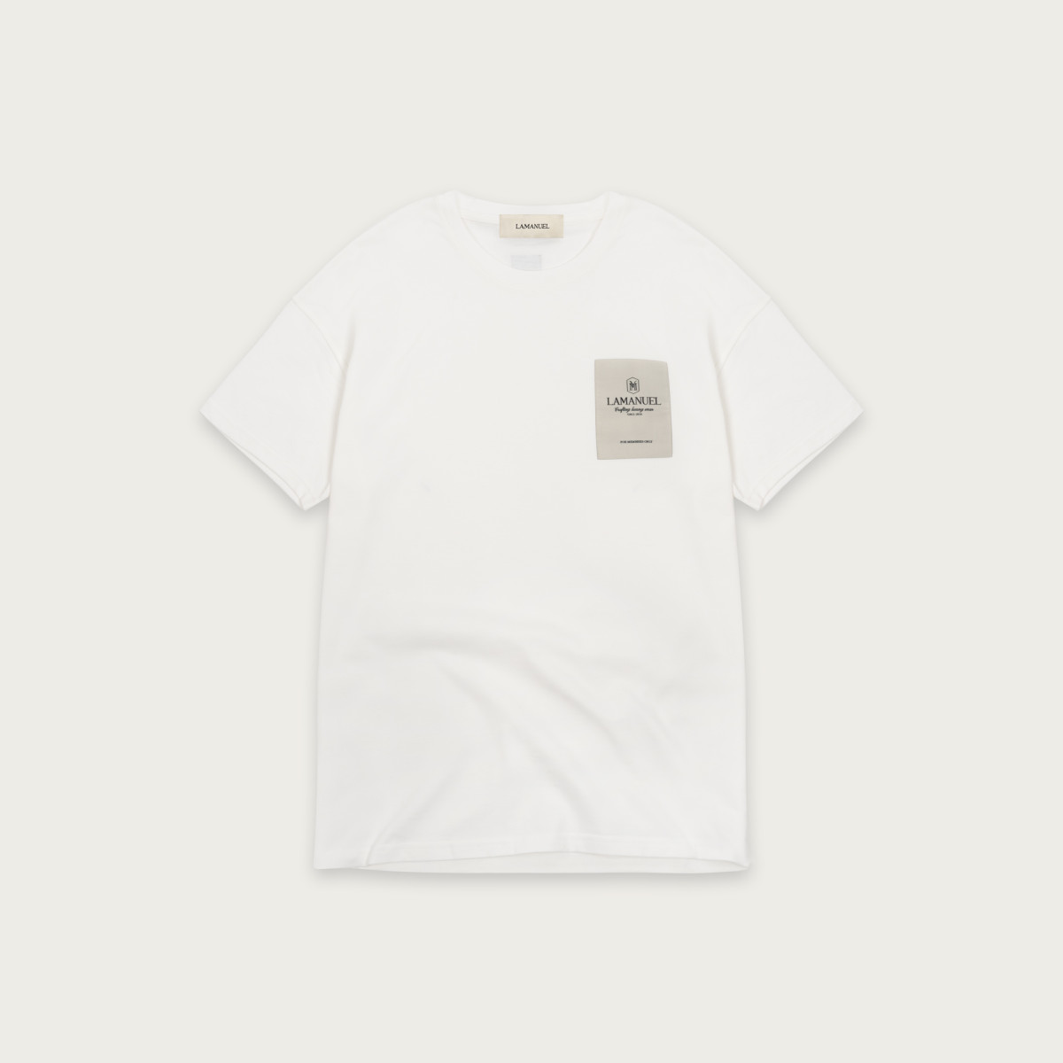 T-shirt o regularnym kroju wykonany z wysokogatunkowej, mięsistej bawełny, która zapewnia komfort, trwałość i ponadczasowy wygląd. Z przodu zdobiony żakardową naszywką z logo LAMANUEL, starannie wszytą na wysokości klatki piersiowej. Z tyłu, na karku, dyskretnie wszyta mała metka brandingowa, która dopełnia cały minimalistyczny look.
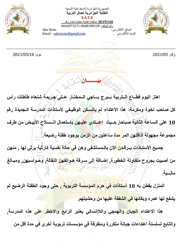 Des enseignantes ont été sauvagement violentées dans la nuit du lundi a mardi 18 mai 2021, a Bordj Badji Mokhtar, affirme le Syndicat algérien des travailleurs de l’Education (SATE), dans un communiqué largement relayé, en début de soirée, sur les réseaux sociaux.
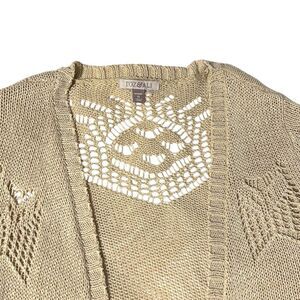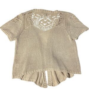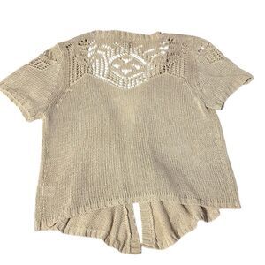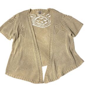 Roz & Ali 1X cropped open cardigan in neutral oatmeal color short sleeve.
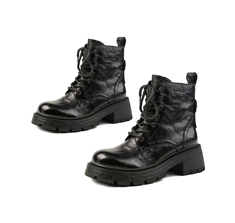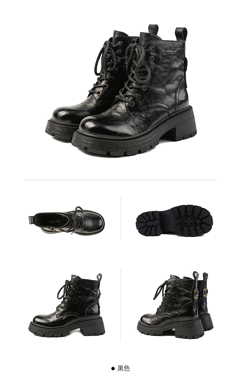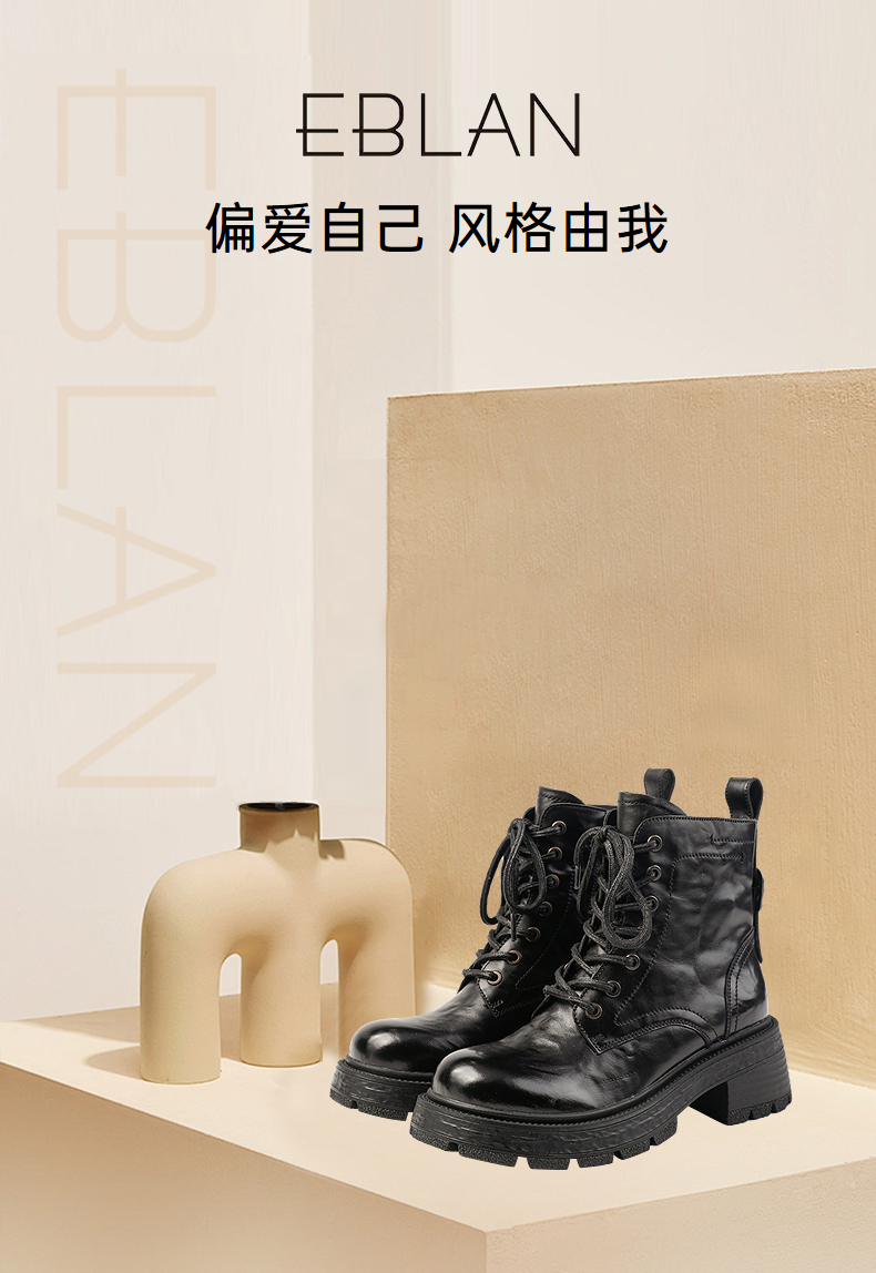伊伴冬季独特手抓花鞋面潮酷马丁靴女鞋B25580155
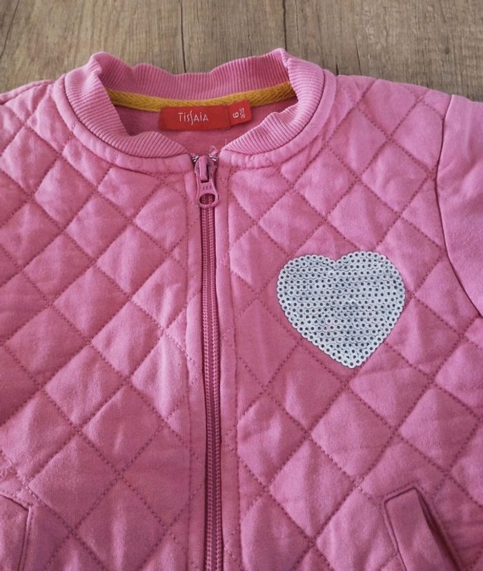 Gilet zippé fille rose coeur sequins taille 6 ans Tissaia
----
DESCRIPTION OF THE TASK ▸
For this exercise, transcribe exactly only the lines from the one containing "Des enseignantes ont" through the end of the listing, inclusive, without the pictures.

OUTPUT ▸
 Des enseignantes ont été sauvagement violentées dans la nuit du lundi a mardi 18 mai 2021, a Bordj Badji Mokhtar, affirme le Syndicat algérien des travailleurs de l’Education (SATE), dans un communiqué largement relayé, en début de soirée, sur les réseaux sociaux.
 Roz & Ali 1X cropped open cardigan in neutral oatmeal color short sleeve.
伊伴冬季独特手抓花鞋面潮酷马丁靴女鞋B25580155
 Gilet zippé fille rose coeur sequins taille 6 ans Tissaia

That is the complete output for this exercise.